# Space based anime



## InuYasha (Oct 30, 2013)

I'm trying to recall something that was on adult swim awhile ago,it had a young boy as capt. of a space ship and he travels around with all girls and a horny robot named MD? i'm sure someone knows what i'm referring to,I just can't think of the name off the top of my head...


----------



## Youkai (Oct 30, 2013)

I don't know about any horny robot but except for this maybe Vandread could fit ...

are you searching for a "normal" series or a hentai ? (sorry if this question is Stupid, I don't know this "adult swim")


----------



## kupo3000 (Oct 30, 2013)

It's probably Tenchi Muyo!
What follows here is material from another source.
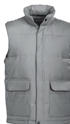
POINT LAY 150851 Page 44
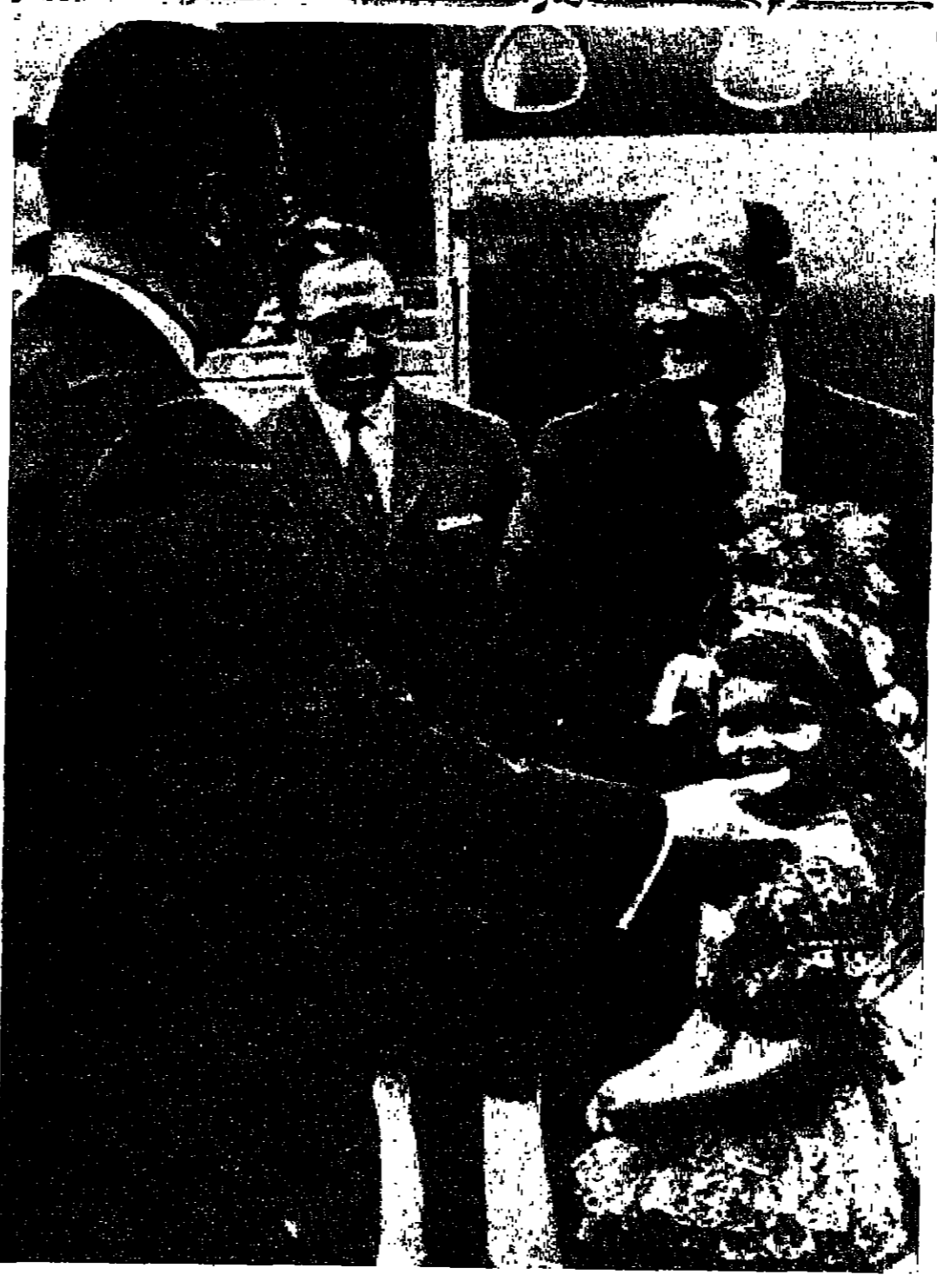
السيد محمود رياض وزير خارجية الجمهورية العربية المتحدة يتلقى من الزهور من طفلة فلسطينية لدى وصوله الى مطار هلستفي في طرابلس جنوة في ايطاليا الاستثنائية

GXP
http://en.wikipedia.org/wiki/Tenchi_Muyo!_GXP


----------



## dragonblood9999 (Oct 30, 2013)

InuYasha said:


> I'm trying to recall something that was on adult swim awhile ago,it had a young boy as capt. of a space ship and he travels around with all girls and a horny robot named MD? i'm sure someone knows what i'm referring to,I just can't think of the name off the top of my head...


 
was it Vandread.
at least it sound alot like it. well there was no horny robot


----------



## InuYasha (Oct 30, 2013)

kupo3000 said:


> It's probably Tenchi Muyo! GXP
> http://en.wikipedia.org/wiki/Tenchi_Muyo!_GXP


 
Yeah thats the one, thanks...


----------



## Ericthegreat (Oct 30, 2013)

Watch the original tenchi muyo as well :


----------



## InuYasha (Oct 30, 2013)

Ericthegreat said:


> Watch the original tenchi muyo as well :


 
As long as there dubbed in english i'd give it a go I don't like subs,so which one is first if it's dubbed? I seen like 4 or 5 different ones...


----------



## RedCoreZero (Oct 30, 2013)

Now watch Space Ghost Coast to Coast


----------



## Ericthegreat (Oct 31, 2013)

InuYasha said:


> As long as there dubbed in english i'd give it a go I don't like subs,so which one is first if it's dubbed? I seen like 4 or 5 different ones...


Seems it was Tenchi Universe, then tenchi in tokyo.
http://en.wikipedia.org/wiki/Tenchi_Muyo!
Didnt know there was a 6 ep ova series before the anime tho.


----------